Dolemite Is My Name è un film davvero meritevole passato, ahinoi, un po’ ingiustamente sotto silenzio qui in Italia. Ove, sinceramente, se n’è ancora sentito parlare poco. A torto poiché, ribadiamo, Dolemite Is My Name, diretto dal valente Craig Brewer (Footloose) e scritto da Scott Alexander e Larry Karaszewski, coppia di mirabili sceneggiatori già al servizio di notevoli, pregevoli opere del compianto Milos Forman (Man on the Moon) e di Tim Burton (Ed Wood), è un film assai divertente oltre che, sotto molteplici aspetti, fortemente rilevante.

In primis, il suo merito maggiore è quello di aver permesso al grande Eddie Murphy, dopo tanti anni di oblio recitativo e di prove alimentari in film non degni della sua carismatica caratura da insuperabile attore brillante, di tornare ai suoi livelli più altamente qualitativi ed esilaranti.

Murphy, infatti, dopo essersi sprecato in tanti filmetti di quart’ordine negli ultimi anni, non azzeccandone praticamente nessuna, come si suol dire, qui è in stato di grazia e ritrova la verve dei suoi tempi migliori, rispolverando e tirando fuori dal suo cilindro (ed è il caso di dirlo, dato che il personaggio da lui interpretato lo indossa, eh eh) e dalla sua manica o, per meglio dire, dal suo manico attoriale, un gran bell’asso sfolgorante.

Permetteteci questo gioco di parole metaforico come se ci trovassimo dinanzi al suo jolly rubamazzo d’una scaltra partita a poker.

Sì, perché il personaggio incarnato da Murphy, così come v’esplicheremo nelle righe seguenti, potremmo perfino accomunarlo, di raffronti, parallelismi e similitudini meta-cinematografiche, nientepopodimeno che ad Arthur Fleck/Joaquin Phoenix di Joker nella sua versione possibilmente, antiteticamente vincente.

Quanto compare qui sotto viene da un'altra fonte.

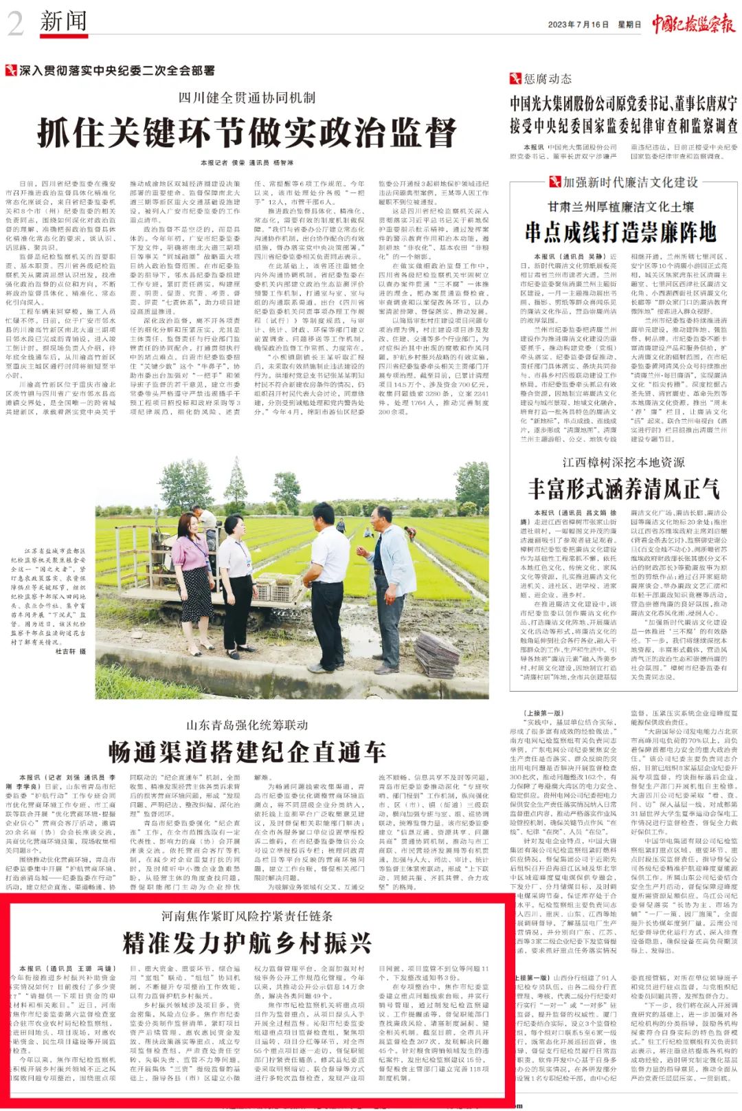 7月16日,《中国纪检监察报》二版刊发消息《河南焦作紧盯风险拧紧责任链条 精准发力护航乡村振兴》,报道了我市纪检监察机关围绕重点项目、重大资金、重要环节,积极开展乡村振兴领域不正之风和腐败问题专项整治,以有力监督护航乡村振兴的经验做法。全文如下:

Cioè se Fleck, dinanzi al tavolo da gioco della vita, perse disgraziatamente tutto, impazzendo e adirandosi oltremisura a mo’ di reazione esplosiva nei riguardi di una sua intera esistenza che si rivelò enormemente sfortunata, il personaggio di Eddie Murphy, al contrario, in forma similmente speculare ma contrapposta, fortunosamente a lui più favorevole e di successo, dopo tante sventure e sciagurate vicissitudini al limite dell’involontariamente ridicolo, riuscì miracolosamente a risalire la china e ad agguantare, potremmo dire, il suo Re per una notte.

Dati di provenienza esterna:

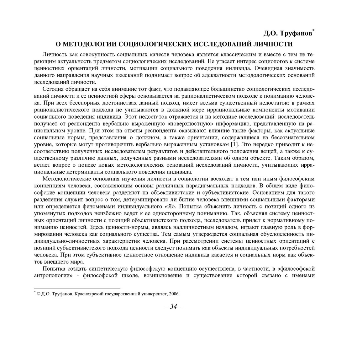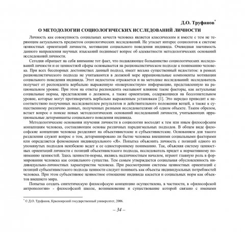 Библиографическое описание:Труфанов, Дмитрий Олегович. О методологии социологических исследований личности / Д. О. Труфанов. - Текст : непосредственный // Вестник Красноярского государственного университета. - 2006. - Гуманитарные науки, № 3(2). - С. 34-38. - Библиогр. в конце ст.

Questa infatti è la trama di Dolemite Is My Name:

uno stand-up comedian senz’arte né parte, vale a dire il tragicomico, realmente esistito Rudy Ray Moore (Murphy), è il vicedirettore d’un modesto negozio di dischi.

Insoddisfatto del suo lavoro, sogna da sempre di sfondare nel mondo della musica e dell’intrattenimento da cabaret ma le sue incursioni in entrambi questi settori si sono rivelate puntualmente fallimentari.

Rudy però, malgrado le continue, umilianti delusioni infinite, non demorde e non vuole darsi assolutamente per vinto.

Assistito dalla buona sorte, per lui accade veramente l’imponderabile più straordinario. Durante una sera, incontra per caso in strada un barbone. Un pazzo delirante e un sobillatore mitomane che, per via della sua assurda follia, paradossalmente attira la sua curiosità.

Il clochard, farneticando a più non posso, racconta a Rudy di un fantomatico, da lui totalmente inventato personaggio fantasiosamente leggendario a cui ha appioppato il nome di Dolemite.

Rudy inizialmente prende, ovviamente, questa storia per un’allucinata scempiaggine partorita dalla mente alienata di un homeless alla deriva.

Riflettendovi però sopra, riciclando le mille storie surreali narrategli dal barbone, decide di dare vita proprio lui stesso al mitico Dolemite.

Riciclandosi come commediante d’avanspettacolo volgarissimo ma irresistibile.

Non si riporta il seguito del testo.